There was a pause and then the neighbor said, 'Ummm… sure?'

I introduced them and invited him to Ray and I's open house tomorrow night.

'You'll already know someone there, Rachel, who's dog might poop in your yard.'

It was pretty much the most hilarious first meeting ever.

Wednesday, January 23, 2013

Adventures in Babysitting

I have some modest babysitting experience, most of it from middle school watching my nephews or a neighborhood kid or two. But no one really asks me to babysit their kids anymore. Even less people ask Ray.

And yet, I love kids. Other people's kids mostly. But still... kids. Love. You know.

So I was pleasantly surprised last week when my friends Erin and Adam found themselves in a bind and asked me if I could watch their twin girls. I happily obliged. And since there were two kids and only one of me, Ray graciously volunteered to tag along so I wouldn't be out-numbered. 

"She must be REAL desperate to be asking me to babysit," I told him. "We can rummage through their fridge and make-out. It will be just like we're in high school."

Sunday morning we woke up early (we had to be there at 10:30, whew!), and headed to our babysitting gig.

When we got there their dad was carrying a girl on each hip as he told us what time they eat and nap, what games they like and how to entertain them. It was so adorable I could hardly stand it.

Then it got real. Real teary.

The girls went in to complete hysterics at the realization they were going to be left with us and cried  "Dada dada dada dada" the entire time Adam was trying to leave.

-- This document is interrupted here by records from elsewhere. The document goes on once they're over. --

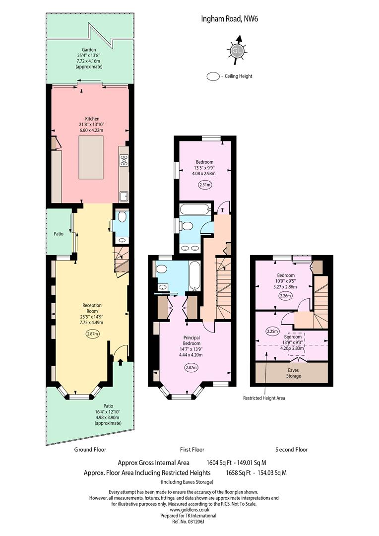 The first floor offers a principal bedroom suite with dressing area & en-suite bathroom, as well as another double bedroom and a family bathroom, with the second floor providing two further double bedrooms and extensive eave storage.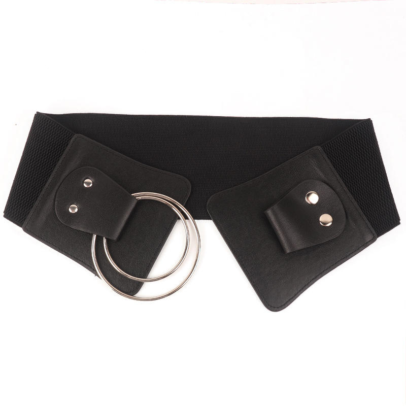 Women's Comfortable Elastic Alloy Buckle Wide Belt Simple Suit Corset with Hundreds of PU and Plastic Belts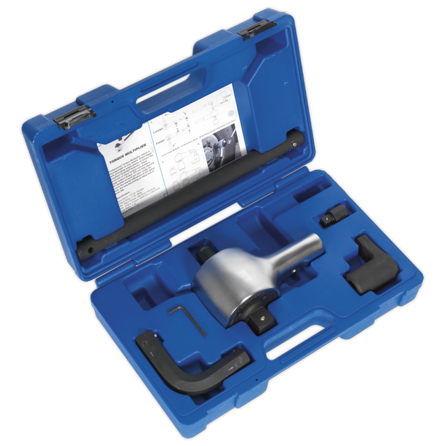Robust construction with 1/2"Sq drive female input and 1"Sq drive male output. Accurately delivered torque multiplication factor of 1:12. Compatible with a wide range of drive tools including torque and ratchet wrenches. Includes straight and 90 reaction bars, reaction base, two breakaway adaptors* and L-type hex key. Supplied in storage case.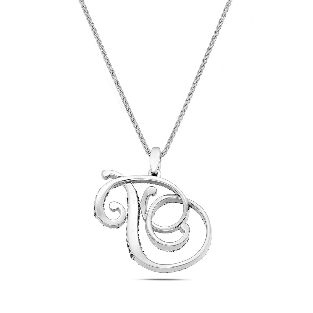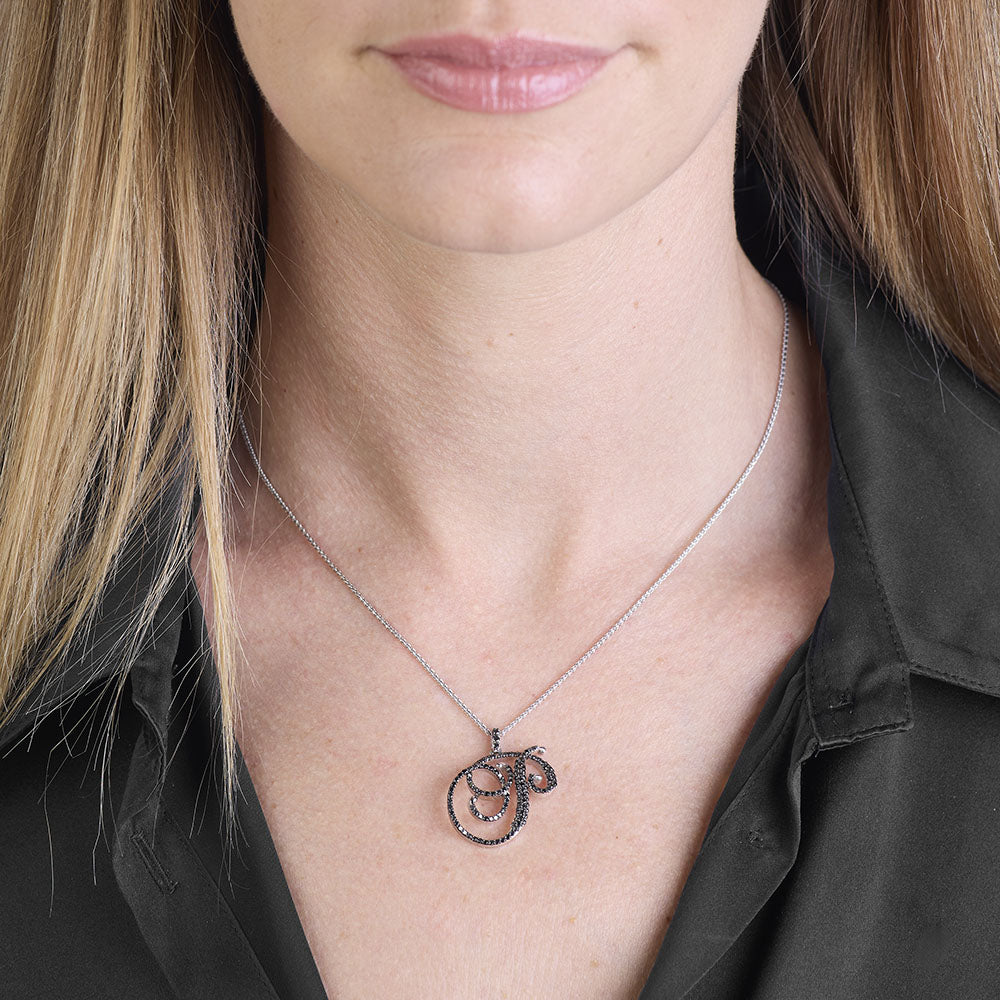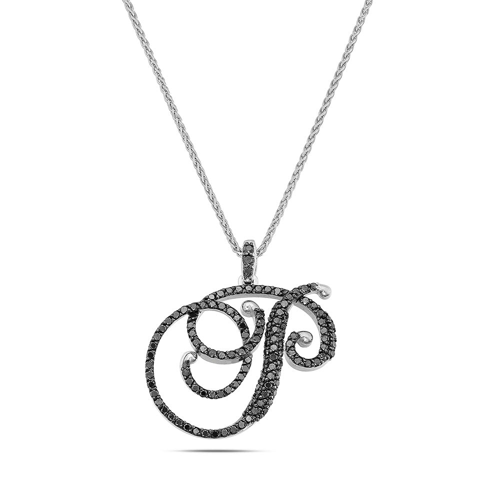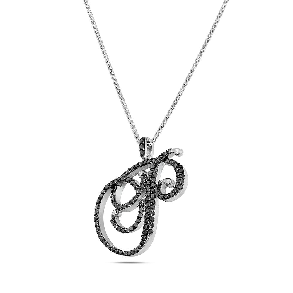 Collana lettera "P" stile barocco in oro bianco con diamanti neri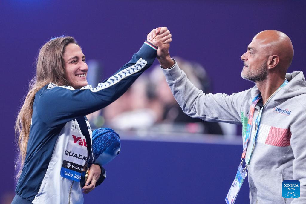 Gold medalist Simona Quadarella (L) of Italy celebrates after the awarding ceremony for the women's 1500m freestyle of swimming event at the World Aquatics Championships 2024 in Doha, Qatar, Feb. 13, 2024. (Xinhua/Du Yu)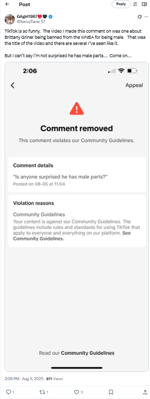 TikTok removes comment on gender: An X user shared a screenshot of a censorship notice from TikTok after the platform removed her comment. The flagged comment read: "Is anyone surprised he has male parts?" TikTok claimed the comment violated its community guidelines but did not indicate how.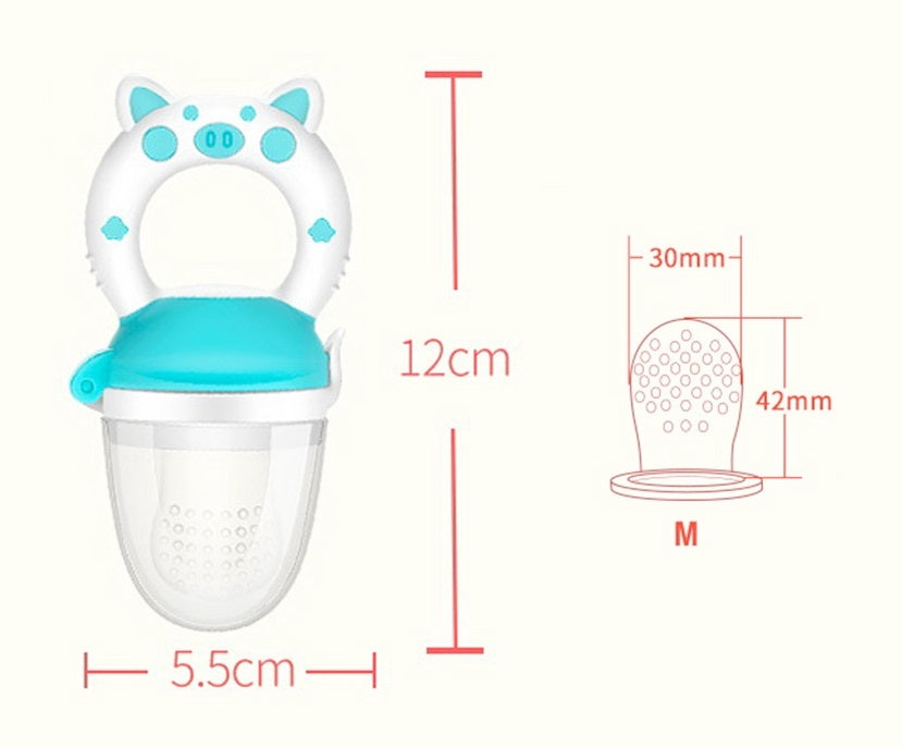 Biomom Food Feeder & Teether is a 100% food grade silicone fresh fruit & baby food feeder which provides a safe way to introduce our little ones to solid food while they go through weaning and teething phase. Simply place fruit, vegetables or meat into the silicone teat, there are holes in the teat that will let your child enjoy the flavour and texture of the food. This feeder can also soothe baby's teething discomfort by massaging the gums through chewing. The perfect way to introduce solids into your babies diet without the risk of choking!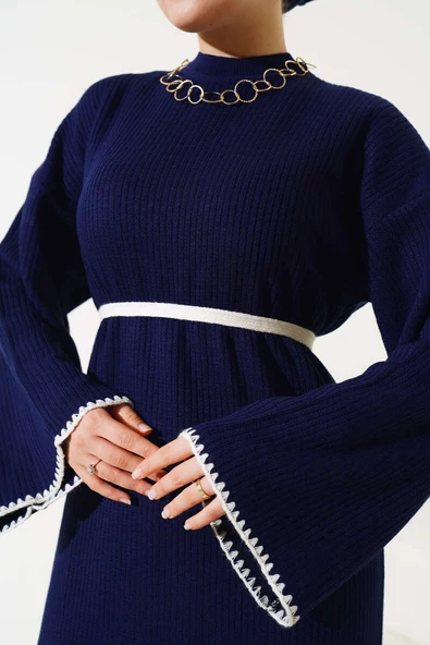 Yırtmaçlı Fitilli Triko Midi Elbise Zümrüt

As he was walking out one girl was clutching a toy in each hand and begging him to stay while the other was sobbing for something that sounded like "bab bab bab-babeeee bankeee."

As he escaped out the front door I saw a slight smirk spread across his face.

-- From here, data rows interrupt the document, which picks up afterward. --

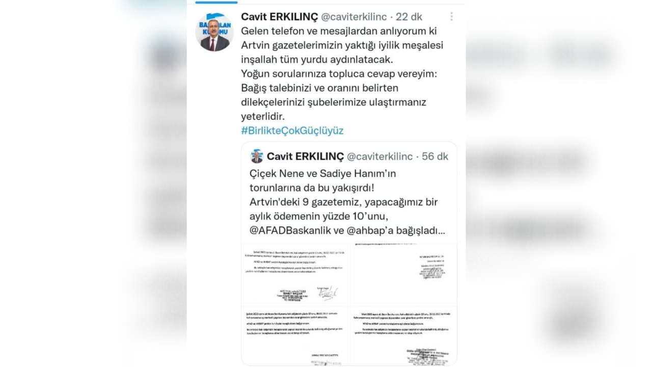 Basın İlan Kurumu Genel Müdürü Cavit Erkılınç, gazetecilerin bu anlamalı tutumu sonrasında sosyal medya hesabından yaptığı açıklamada “Çiçek Nene ve Sadiye Hanım’ın torunlarına da bu yakışırdı! Artvin'deki 9 gazetemiz, yapacağımız bir aylık ödemenin yüzde 10’unu, @AFADBaskanlik ve @ahbap’a bağışladı. Gazetelerimize örnek davranışları nedeniyle şükranlarımı sunuyorum. Darısı diğer gazetelerimizin başına.” İfadelerine yer verdi.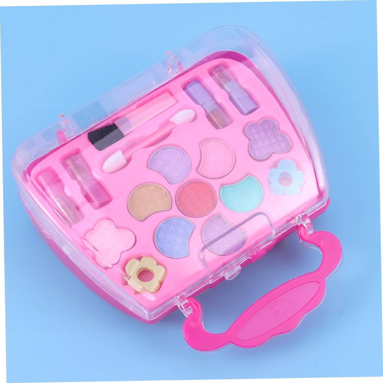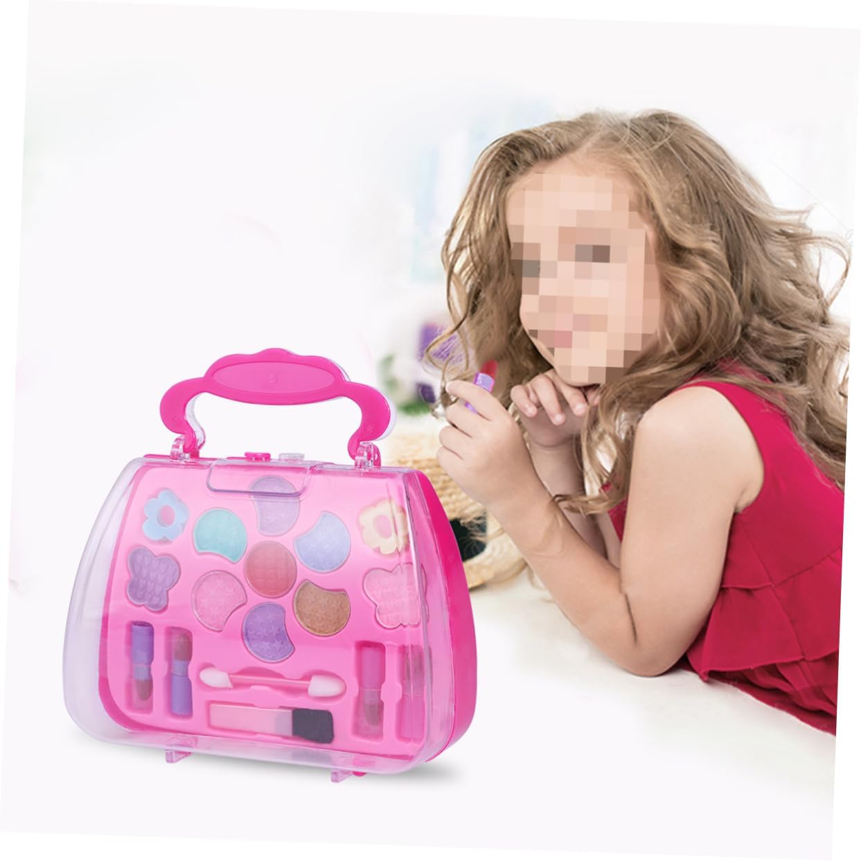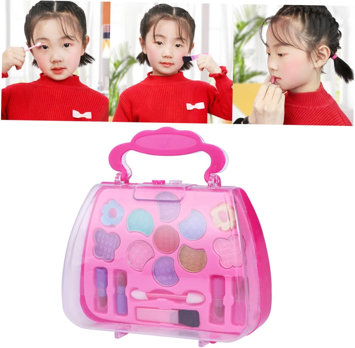 Kit trucco per bambini per ragazze: con custodia per il trasporto, facile da riporre e imballare, adatto per giocare all'asilo, a casa o per ammazzare il tempo in macchina durante il viaggio, giocattoli cosmetici per ragazze. Cosmetici finti giocattoli: tutti gli articoli hanno un design realistico, realizzati in plastica e sicuri per bambini e ragazze. Kit per il trucco: è abbastanza piccolo da poter essere messo nella borsa, i bambini possono portarlo in qualsiasi momento, fingendo un kit per il trucco. Valigetta per il trucco per bambini: tante opzioni di che terranno occupati i bambini per ore di divertimento, giocattolo per il trucco per bambini. Custodia per il trucco per bambini: per le tue ragazze nel loro compleanno, festa dei bambini o altri giorni speciali, custodia per il trucco per bambini.
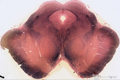 人中腦-經(jīng)上丘橫切全景圖 溶組織阿米巴包囊

"Poor things," I'm sure he was thinking.

About us.

After a few minutes of panic on our part at the thought that they might not stop crying, Ray and I quickly settled into a groove with the girls. 

We plied them with puzzles and books and it was no time until they were sweetly and calmly sitting next to us enjoying the afternoon. And after much interpretation and some 1,000,000 Pyramid guessing - Me: 'I think she's saying baby. Is there a baby here, Ray? Did you see a baby somewhere? Can you take us to the baby, little one?' Ray: 'I think I know! She wants the baby from her crib, or maybe the blanket. I'll go get them!' - we even soothed the crying one.

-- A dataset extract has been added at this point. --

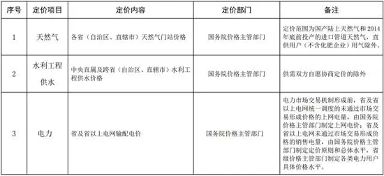 《中央定價目錄》經國務院批準,自2016年1月1日起施行。目錄顯示,天然氣定價內容為各省(自治區、直轄市)天然氣門站價格,定價部門為國務院價格主管部門。電力定價內容為省及省以上電網輸配電價,定價部門為國務院價格主管部門。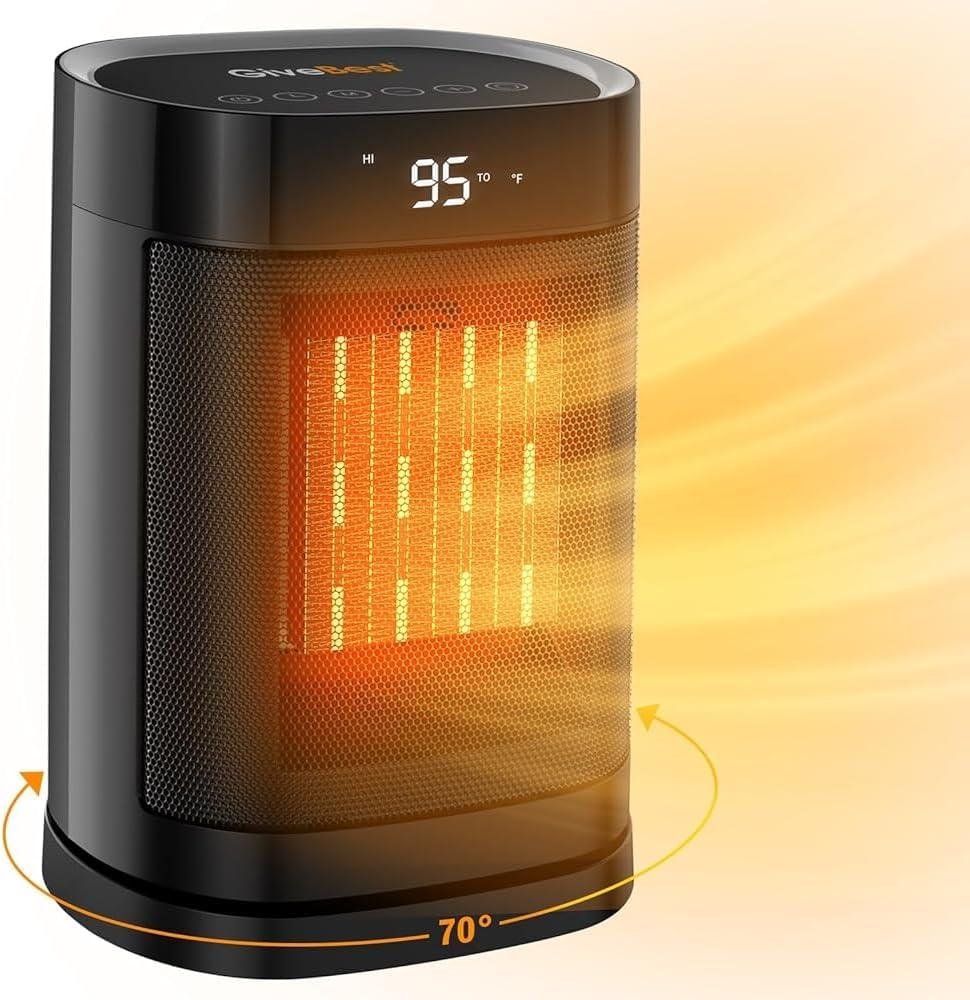 • Wide-Angle Oscillation: The 70° oscillation feature distributes warmth evenly throughout your room, ensuring no chilly spot is left behind.

(I was prepared to run out and buy her a baby - real or in doll form - if that's what it took to quiet her heartbreaking cries. Yes, I am sucker.) 

We spent the rest of the afternoon super busy. We read, played 'tiny fake kitchen,' had lunch and I even changed their diapers so Erin wouldn't have to when she got home. (Confession: We had to Google how to work the Diaper Genie. We were baffled. Ray Googled and read directions while I wiped and changed them.)

We've never had so much fun. Truly. The girls were an absolute delight, and for a childless couple who have little interaction with children, it was a rare treat. They were so sweet and affectionate and fun. I think we were both a little disappointed to not have more time with them.

And let me tell you something else, I have never been more baby crazy than when watching Ray lift them into their high-chairs for lunch and carry them upstairs for their naps.

I've never really been one for kids of my own, but I swear I felt myself ovulating just seeing him put tiny cut-up pears on their little lunch trays while calling them "sweet pea" and running after their blankees and baby dolls. Swoon. Had Ray been wearing a plain white t-shirt so his biceps were perfectly showing as he flexed while lifting them, I would have exploded.

Forget Anne Geddes and her weird images of babies coming out of flowers, Ray doling out pears to these baby girls is where it's at. 



In fact, if you're a woman of baby-making age then I am sorry to inform you but you just got pregnant from looking at this photo.

I hope it's twin girls. Ray and I are available to babysit. Just sayin.'


Wednesday, January 16, 2013

Enjoying The Ride






















"Name me someone that's not a parasite, and I'll go out and say a prayer for him."
Bob Dylan, Visions of Johanna

Tonight is my Christmas Eve. I am waiting with eager anticipation for Lance Armstrong to come down the chimney... in the form of the Oprah interview tomorrow night. I haven't been this excited since that whole Petraeus thing broke out.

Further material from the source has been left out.